Admittedly, I’ve spent too much time this morning scrolling through the Instagram of a gorgeous young actress, admiring her clothes and her friends and her work and her life, thinking, “My GAWD, young lady, but you have so much to look forward to! I envy you!”
But do I?
(Maybe. A little. Who doesn’t want to be a goddess just a little bit?)
One of the blunt realities that hit me like a cartoon mallet when I was going through the She Should Run Incubator–that popped up again and again as I read through several autobiographies of female politicians–was that I am not cut out for public life. I am introverted, impatient, unforgiving of people who waste my time with bullshit or double-talk, occasionally aloof, and hardly diplomatic.

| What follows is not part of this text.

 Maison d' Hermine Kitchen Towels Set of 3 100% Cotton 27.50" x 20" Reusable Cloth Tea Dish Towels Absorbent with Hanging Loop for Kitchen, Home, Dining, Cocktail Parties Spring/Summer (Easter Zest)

Yes, I have a customer service voice and I use it when I need to but politics isn’t exactly a 9 to 5 and there are times I have failed so spectacularly at being agreeable that I’ve had to apologize for my lack of professionalism.*
*Although through many years of practice and significantly raised stakes, I’ve gotten better. Not wanting to lose your house is a good enough reason to take an insult from a customer now and then.

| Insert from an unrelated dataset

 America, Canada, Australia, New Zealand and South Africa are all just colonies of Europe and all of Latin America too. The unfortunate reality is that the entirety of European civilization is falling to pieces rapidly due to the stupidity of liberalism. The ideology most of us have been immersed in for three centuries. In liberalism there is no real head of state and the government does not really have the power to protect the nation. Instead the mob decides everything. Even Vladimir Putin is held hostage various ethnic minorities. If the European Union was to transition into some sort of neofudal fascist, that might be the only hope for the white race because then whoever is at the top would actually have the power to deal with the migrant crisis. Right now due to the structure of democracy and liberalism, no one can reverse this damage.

When it comes right down to it, I would rather fly right under the radar than constantly have to apologize for my many mistakes. I could never be a politician. Or an actor. Or anything that drew any attention. I can’t handle the responsibility of it.
This is all to say that, by the way, I write under a pseudonym.
And that celebrity is nonsense. I mean, good for you if that’s what you want but to live in a culture where we’re all supposed to want it? Lies and nonsense. I’ll maintain my lifelong membership in the Stay Home Club, thanks.